On m'a accordé une
petite liberté et je me demande bien ce que je pourrais en faire.
J'ai plusieurs options,
plusieurs directions à prendre, potentiellement. Par-là, il y a mon
grand ami blond. Sauf qu'il n'a pas le droit de bouger de son coin,
pour le moment. Ce qui fait que ce serait un peu plus plate que
d'habitude si j'allais le voir. Ce n'est donc pas une option très
tentante.
Par ici, il y a le petit
garçon qui sourit. Il est drôle lui, il fait toujours les mêmes
choses que moi, si je bouge la jambe droite (ce que je fais presque
toujours), il le fait, si je tend la main, il le fait, si je ris, il
rit mais quand j'essaie de le toucher, il disparaît complètement
derrière ma main. Je ne comprend pas très bien comment il fait pour
se cacher tout entier dans ma main, sauf que je vois bien que c'est
ce qui se passe. J'essaie de mon mieux de ne pas le faire disparaître
et je reste quelque temps fasciné à le voir disparaître et
réapparaître.
Puis, je me dis que je
pourrais prendre une autre direction, ce que je fais, mais à toutes
les fois où je pars vers ce là-bas, je reviens systématiquement à
la case départ. Ce n'est pas de mon fait : c'est le sol qui
glisse sous-moi et me ramène d'où je suis parti. Je ne trouve pas
ça très rigolo. Il me faut donc, encore une fois, changer mes
plans. Soupir, gros soupir.
Je regarde autour de moi
et je me dis que je pourrais bien aller chercher mon livre, ça c'est
un bon plan. Je le fais et je me plonge dans la lecture avec
délectation. Dans le livre, il y a aussi le petite garçon qui
sourit. L'image est cependant moins claire et moins grande que celui
dont je parlais tantôt. Il y a aussi des bruits. J'aime ces bruits.

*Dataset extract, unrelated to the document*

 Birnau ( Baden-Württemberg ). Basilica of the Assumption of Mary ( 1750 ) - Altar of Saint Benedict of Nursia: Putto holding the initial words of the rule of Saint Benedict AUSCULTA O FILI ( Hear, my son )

Mon ami blond les aime aussi, on dirait qu'il pense qu'ils sont pour
lui, mais il se trompe, ces bruits-là sont pour moi tout seul, c'est
maman qui le dit.
En parlant de maman, je
l'entend parler dans une autre direction. Je pourrais peut-être
aller voir où elle est. Je ne la vois pas, mais je reconnais très
bien sa voix et son odeur. Allez, je me secoue et repars en quête.

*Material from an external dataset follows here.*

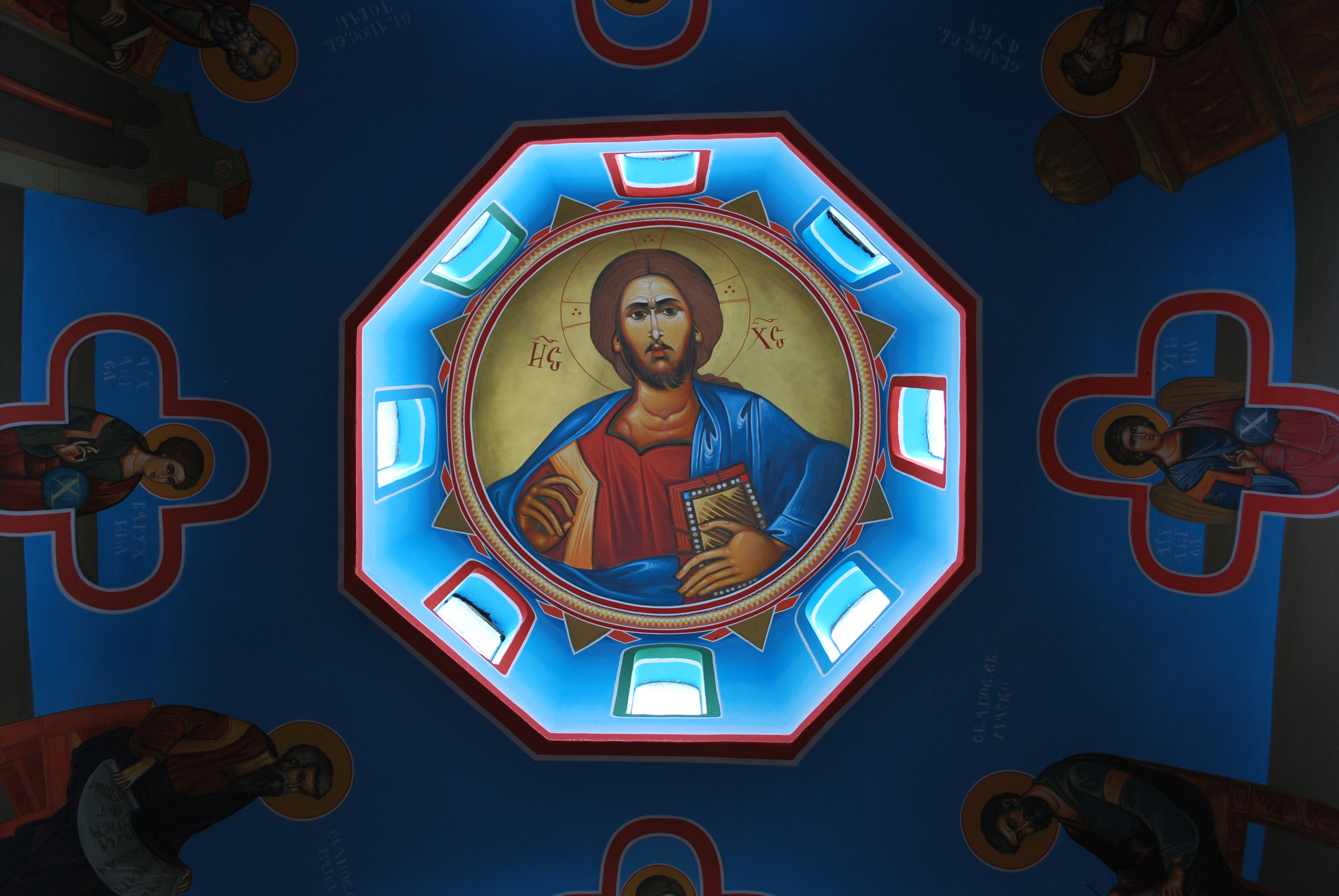 St. Paul Church in Park Ginovci near Kriva Palanka, Macedonia

Je suis pas mal certain d'approcher de mon but parce que son odeur
est de plus en plus forte. Ça sent bon une maman, je crois que c'est
le plus beau parfum du monde. Un drôle de mélange de sucré, de
salé et de lait aussi.
En chemin, je croise des
petites billes bien rouges et bien luisantes. Je me demande bien ce
que c'est. Les billes bougent toutes seules. Ça m'intrigue vraiment
beaucoup. Et comme je découvre le monde par le goût, je prends une
grosse croquée de bille avec mes petites dents aussi blanches que
les billes sont rouges.
C'est là que j'entends
maman, du rire plein la voix, qui dit : « Chatou!

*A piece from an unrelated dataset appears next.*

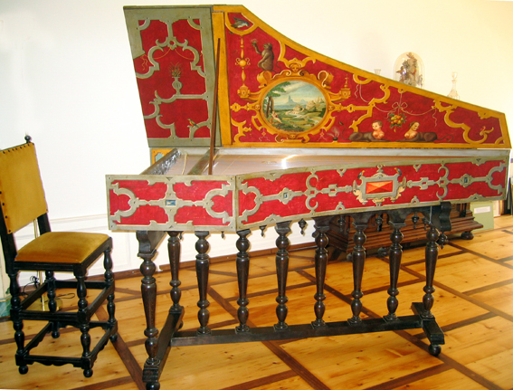 A single-manual Flemish harpsichord of the Ruckers school, signed Marc Ducornet, Paris 2003 [1]. GG-d’’’, 56 notes + 1 note for 440 position, 2X8’, buff stop, traditional Flemish keyboard with bone slipped naturals and arcades with leather decoration, oak accidentals. Stop levers through the nameboard. Decorative rose on the soundboard. Length 209 cm, width 85.8 cm, weight about 55 kg. Painted throughout by Alison Woolley of Florence [2], with designs based on the Claviorganum by Lodewyk Theewes of 1579 in the Victoria and Albert Museum, London [3], being faux-iron strapwork on an ox-blood base, the inside of the lid with sphinx, birds, a monkey, and an cartouche of Orpheus taming the animals in a mountainous landscape. On an oak stand based on a painting Portrait de famille by Gillis van Tilborgh, ca 1650-1675, in the Musées Royaux des Beaux-Arts et d'Archéologie, Brussels [4].

Qu'est-ce que tu fais? Tu mors mes orteils? » D'abord, je ne
sais pas ce que sont des orteils, mais je sais que j'aime ça quand
il y a du rire dans la voix de maman alors je mors dans une deuxième
bille rouge, juste pour voir, et c'est à ce moment précis que
quatre têtes rieuses apparaissent sous la table où je me suis
âprement rendu et moi je les regarde, bien fier de mon coup, avec le
pied de maman dans ma bouche.
Ça, c'était une belle
aventure. Demain, peut-être, je recommencerai.